Who are these insurgents? How do they keep going? Why can't US, coalition, and Iraqi government forces stop them?

The insurgency grew out of the sudden fall of Saddam Hussein and the total collapse of domestic political authority. It drew fighters from the ranks of thousands of hostile, unemployed military veterans armed with an abundance of weapons. It took root as US and coalition troops were stretched thin and woefully unprepared to deal with a fierce resistance movement.

The Iraqi insurgency today comprises a shifting host of as many as 70 disparate groups that increasingly have coordinated their attacks. It is made up of diehard supporters of the old regime reassembled, joined by growing numbers of Iraqi and foreign fighters who see Iraq as a new front for holy war against America and other “infidel” nations.

The resistance is composed of full-time fighters, part-time supporters, and sympathizers. Counting insurgents is always tricky. Iraq's head of intelligence has estimated there are 40,000 full-time rebels plus 160,000 supporters. In March, the director of the US Defense Intelligence Agency testified that there were 15,000 to 20,000 insurgents in Iraq.

Expansion and erosion of insurgent ranks occurs concurrently, depending on changing personal assessments of how the war is going. And criminals have joined in. Today an estimated 80 percent of the violence in Iraq is purely criminal.

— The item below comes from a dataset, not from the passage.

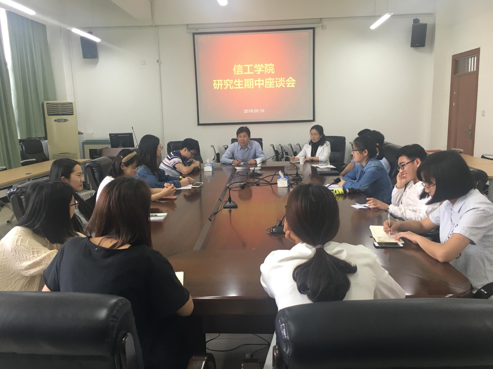 15级5位研究生考上985、211和境外名校博士研究生的喜讯,勉励在座研究生以这5位同学为榜样,勤奋学习,勇攀科学高峰。随后他询问了在座研究生的学习、生活以及论文进展情况,并对大家的学习以及论文发表寄予厚望,希望研究生能充分利用好课余时间,多阅读文献,特别是英文文献,争取早日发表质量较高的论文。最后张帅老师对研究生关于论文研究方向、课程设置等方面的问题做了详细解答。通过这次期中座谈会,学院进一步了解了学生的学习和生活进展,研究生也进一步明确了自己今后的努力方向。

Experience suggests that a successful counter-insurgency requires a ratio of 10 government soldiers to one insurgent. Coalition forces currently number 164,000 (including 142,000 Americans), but several coalition partners plan to withdraw forces by the end of the year.

American withdrawal will depend on the ability of Iraqi forces to replace US troops. Although Iraqi military and police now theoretically number 159,000, it will likely be years before they can take over the country's security.

Insurgents cannot defeat US forces in open battle, although they fight hard in urban areas where terrain offsets America's superior weaponry. Insurgent strategy aims at draining US resolve, hoping that an intolerable number of deaths over a number of years will prompt the United States to exit Iraq in defeat as it exited Vietnam.

Americans tend to measure the progress of military campaigns in weeks or at most months, while public support fluctuates according to the rapid changes of the 24-hour news cycle.

But the insurgents measure their campaign in decades or longer, and their determination to continue struggling against all odds and to die as martyrs is their source of strength.

The insurgents can still be stopped. Despite the continued violence, progress is being made in Iraq. The insurgency is gradually being confined to Sunni strongholds west and northwest of Baghdad.

Newly trained Iraqi government soldiers and police are gradually shouldering more of the security burden. Small, largely unreported gains are improving the quality of life for Iraqis.

The election of a new and hopefully inclusive government in Iraq, political accommodations, and offers of amnesty may create divisions in insurgent ranks and co-opt some. Military pounding and political maneuver could eventually reduce the insurgency to manageable brigandage. The insurgents' increasingly indiscriminate attacks could galvanize the local population against them.

On the other hand, insurgents could carry out spectacular and costly attacks against US forces, undermining claims of progress and strengthening arguments for prompt withdrawal.

Iraq could collapse into fighting between religious and ethnic groups leading to even more disorder and violence. A tragic error in targeting or new revelations of abuse by coalition forces could intensify hostility in Iraq and cause revulsion in the United States.

Wars are determined by often unpredictable events. The military triumph proclaimed by the United States in May 2003 gave no clue of the mess in Iraq today. But neither do today's bloody images and briefing charts tell us where Iraq will be two years from now.

We only know that, for at least the short term, the fighting will continue.


Brian Michael Jenkins is a senior adviser to the president of the RAND Corporation, a nonprofit organization.